- Directed by: Henil Gandhi
- Written by: Suraj Baraliya
- Produced by: Jeegar Chauhan Sunny Desai
- Starring: Malhar Thakar; Nijal Modi; Kalpana Gargekar; Ragi Jani;
- Cinematography: Himanshu Dubey
- Music by: Rahul Munjariya
- Production company: Jeegar Chauhan Productions
- Distributed by: Rupam Entertainment Pvt Ltd
- Release date: 19 May 2022;
- Running time: 125 minutes
- Country: India
- Language: Gujarati

= Sonu Tane Mara Par Bharoso Nai Ke =

2022 film directed by Henil Gandhi

Sonu Tane Mara Par Bharoso Nai Ke is a 2022 Gujarati comedy, film directed by Henil Gandhi and written by Suraj Baraliya. It stars Malhar Thakar, Nijal Modi, Ragi Jani, Kalpana Gargekar, and others. It was produced by Jeegar Chauhan. & Sunny Desai. The film was distributed by Rupam Entertainment Pvt Ltd. The music of the film was arranged by Rahul Munjariya

== Plot ==
Kartik who belongs to a middle-class family buys a television from Chor Bazar which turns out to be defective. In his attempt to repair the television, Kartik finds gold coins in it. He hands over the gold to the Police and earns 10% commission for his honesty. Things take a hilarious turn, when the smuggler of the gold coins reaches Kartik's house.
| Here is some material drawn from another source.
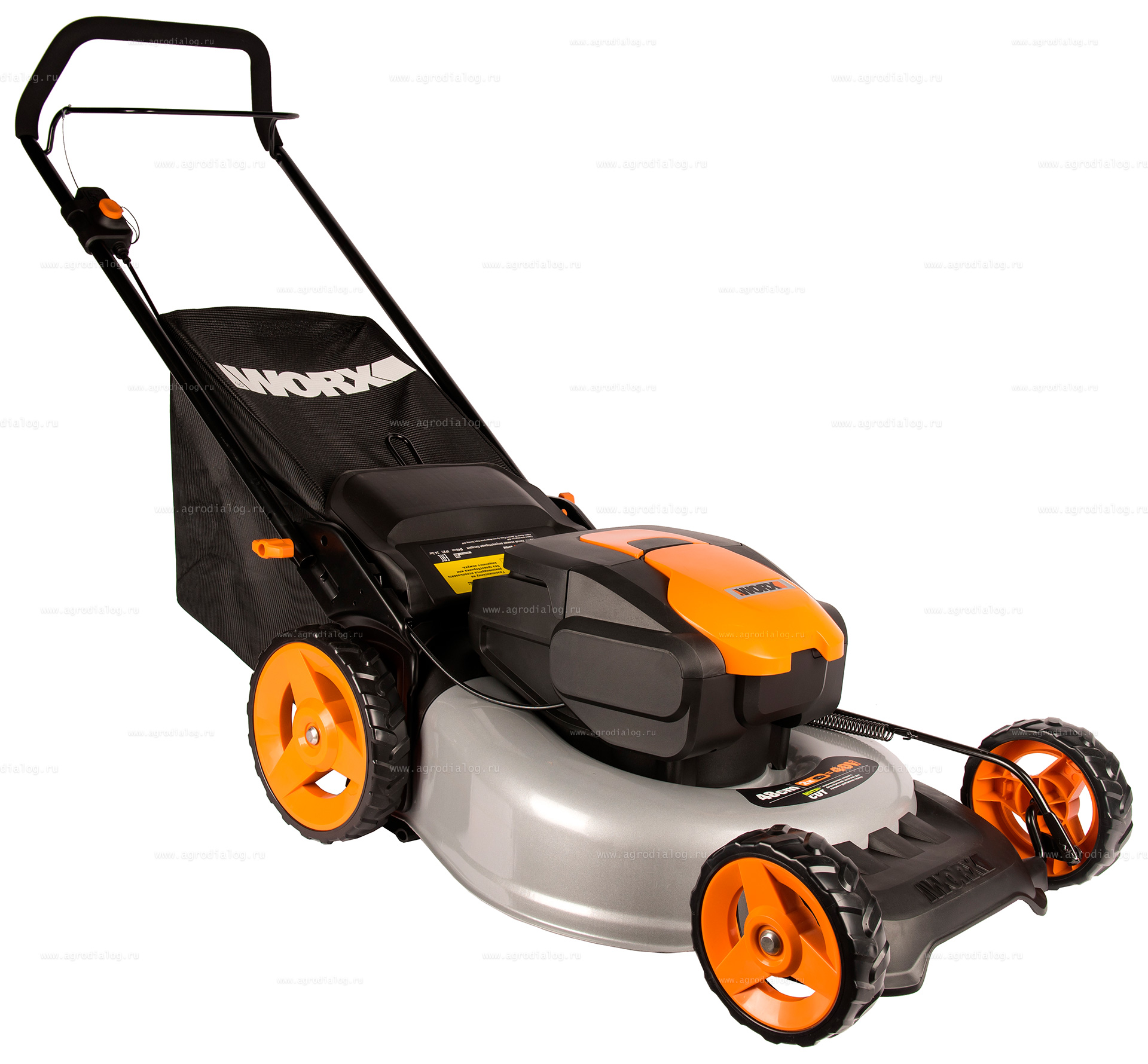 - Несамоходная аккумуляторная газонокосилка Worx WG751E имеет два штатных места под аккумуляторы. Время автономной работы увеличивается вдвое. Для обеспечения максимальной автономной работы рекомендуется устанавливать два полностью заряженных аккумулятора.

How would Kartik handle this situation? Would the smuggler get his gold coins back?

== Cast ==
- Malhar Thakar
- Nijal Modi
- Ragi Jani
- Kalpana Gagdekar
- Jayesh More
- Meghna Solanki
- RJ Hiren Barot
- Rajpal Vaghela
- Dolly Trivedi
- Bansi Rajput

== Production ==
The movie was produced by Jeegar Chauhan, Malhar Thakar & Sunny Desai under the banner of Jeegar Chauhan Productions The music of the film was arranged by Rahul Munjariya. Daler Mehndi had his Gujarati film debut in the movie. Altaf Raja also made his Gujarati film debut in the movie.
== Reception ==
OTTplay praised the film direction but not the acting.

== Release ==
The film was released in cinemas on May 19, 2022.